[LISTED ENTRIES Boundary: Start]
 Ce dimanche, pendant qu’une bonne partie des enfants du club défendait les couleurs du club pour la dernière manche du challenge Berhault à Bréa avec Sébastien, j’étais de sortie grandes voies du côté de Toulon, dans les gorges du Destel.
[LISTED ENTRIES Boundary: End]
[LISTED ENTRIES Boundary: Start]
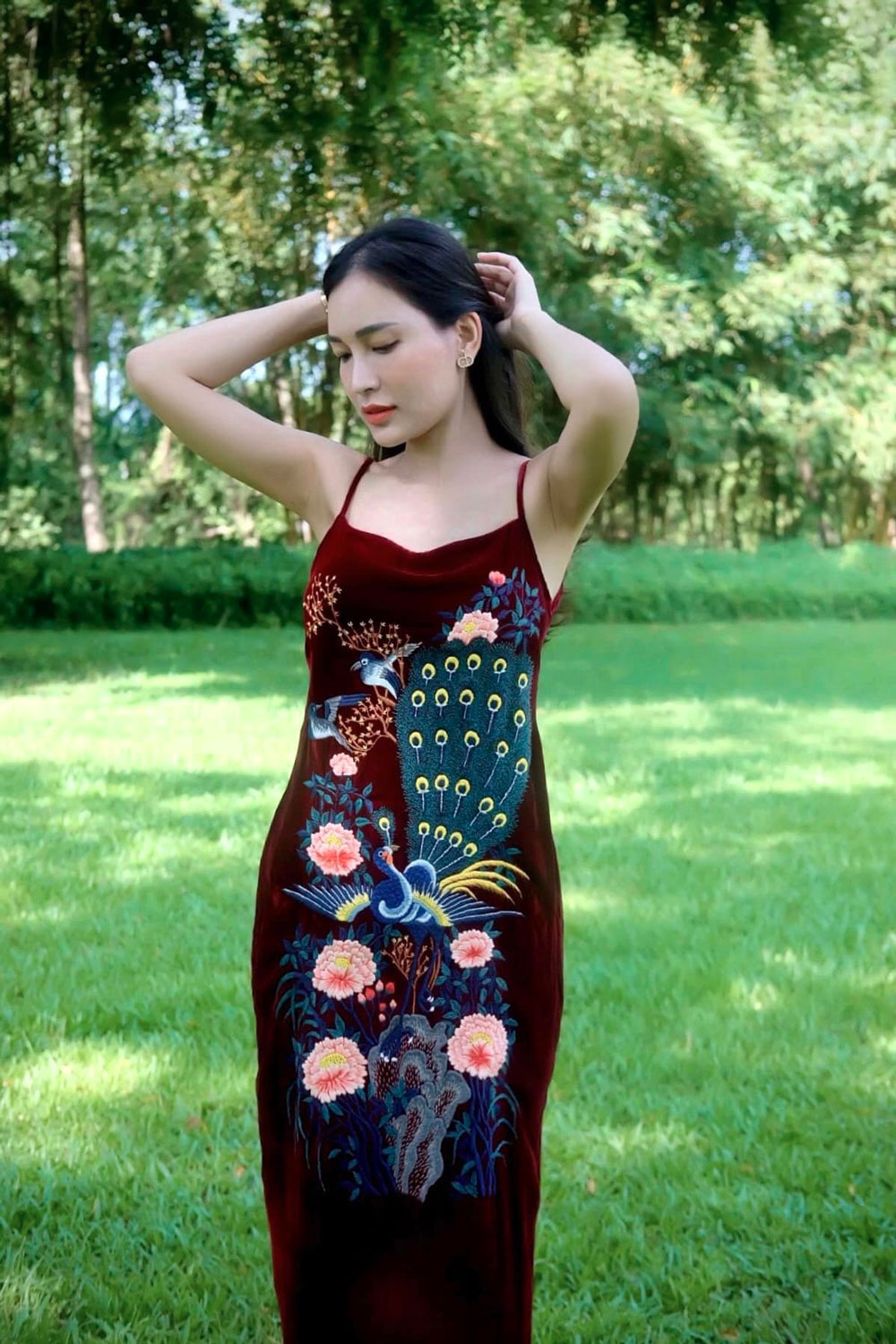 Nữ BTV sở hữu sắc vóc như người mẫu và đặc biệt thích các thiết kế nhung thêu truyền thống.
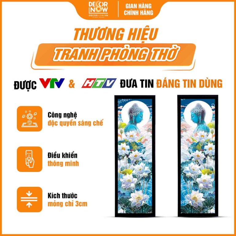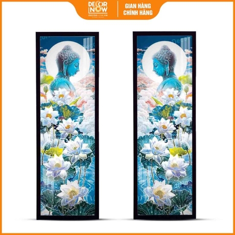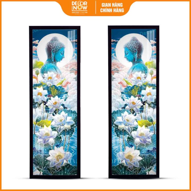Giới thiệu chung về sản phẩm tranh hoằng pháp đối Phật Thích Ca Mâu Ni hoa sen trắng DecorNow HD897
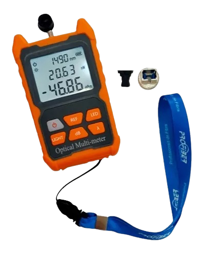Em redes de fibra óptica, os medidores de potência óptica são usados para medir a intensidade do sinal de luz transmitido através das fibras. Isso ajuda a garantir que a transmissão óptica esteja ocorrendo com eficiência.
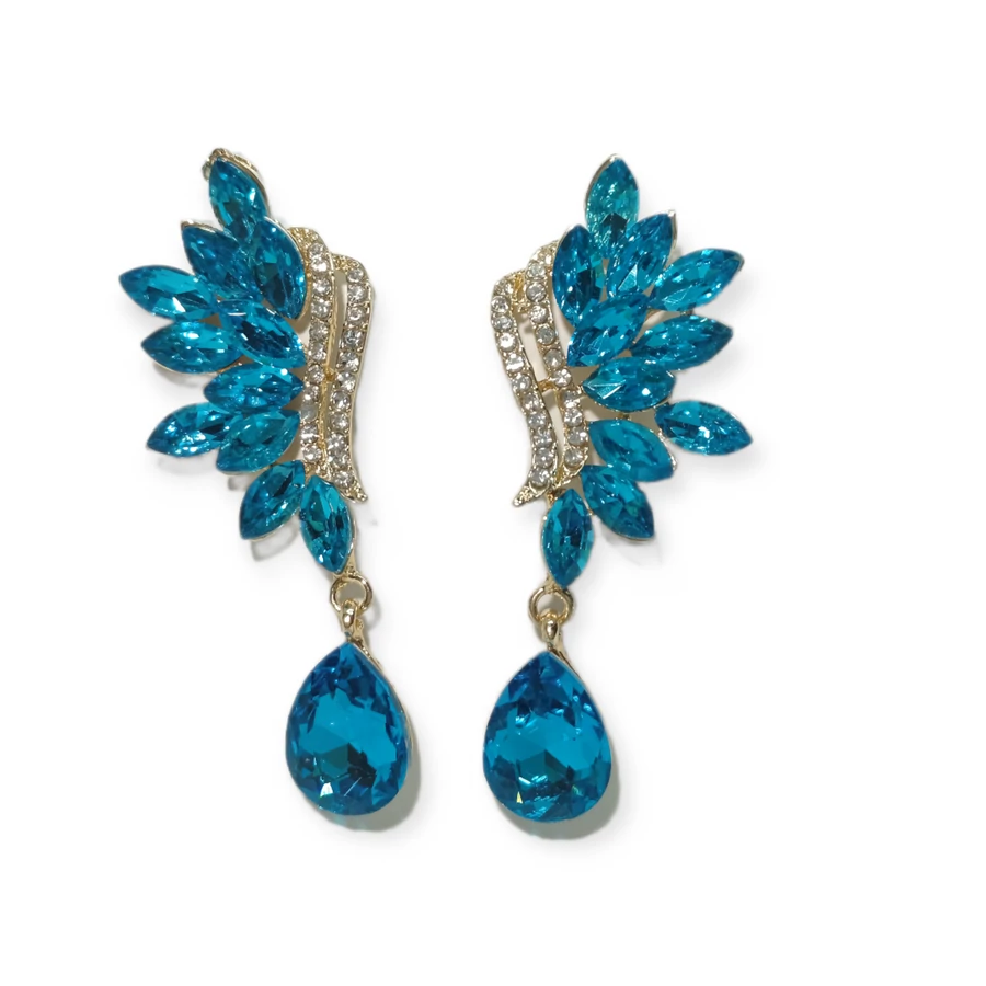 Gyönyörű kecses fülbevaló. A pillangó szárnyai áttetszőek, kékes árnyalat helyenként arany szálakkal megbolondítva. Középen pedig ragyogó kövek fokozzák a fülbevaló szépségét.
[LISTED ENTRIES Boundary: End]
[LISTED ENTRIES Boundary: Start]
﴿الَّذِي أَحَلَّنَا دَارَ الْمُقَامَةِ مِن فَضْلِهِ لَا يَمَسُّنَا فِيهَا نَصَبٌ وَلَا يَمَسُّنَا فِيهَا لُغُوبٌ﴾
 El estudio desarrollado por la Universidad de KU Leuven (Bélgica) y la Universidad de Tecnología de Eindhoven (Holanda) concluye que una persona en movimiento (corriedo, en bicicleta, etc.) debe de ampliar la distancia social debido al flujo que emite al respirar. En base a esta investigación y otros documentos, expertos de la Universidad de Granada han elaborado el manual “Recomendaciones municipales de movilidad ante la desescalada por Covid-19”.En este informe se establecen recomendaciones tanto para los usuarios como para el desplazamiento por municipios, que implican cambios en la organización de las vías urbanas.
[LISTED ENTRIES Boundary: End]
**WORK INSTRUCTION**
Only one stretch of the listing is wanted: the lines starting at the one with "Em redes de" and ending at the one with "Gyönyörű kecses fülbevaló.", copied exactly and free of pictures.

**TASK OUTPUT**
Em redes de fibra óptica, os medidores de potência óptica são usados para medir a intensidade do sinal de luz transmitido através das fibras. Isso ajuda a garantir que a transmissão óptica esteja ocorrendo com eficiência.
 Gyönyörű kecses fülbevaló. A pillangó szárnyai áttetszőek, kékes árnyalat helyenként arany szálakkal megbolondítva. Középen pedig ragyogó kövek fokozzák a fülbevaló szépségét.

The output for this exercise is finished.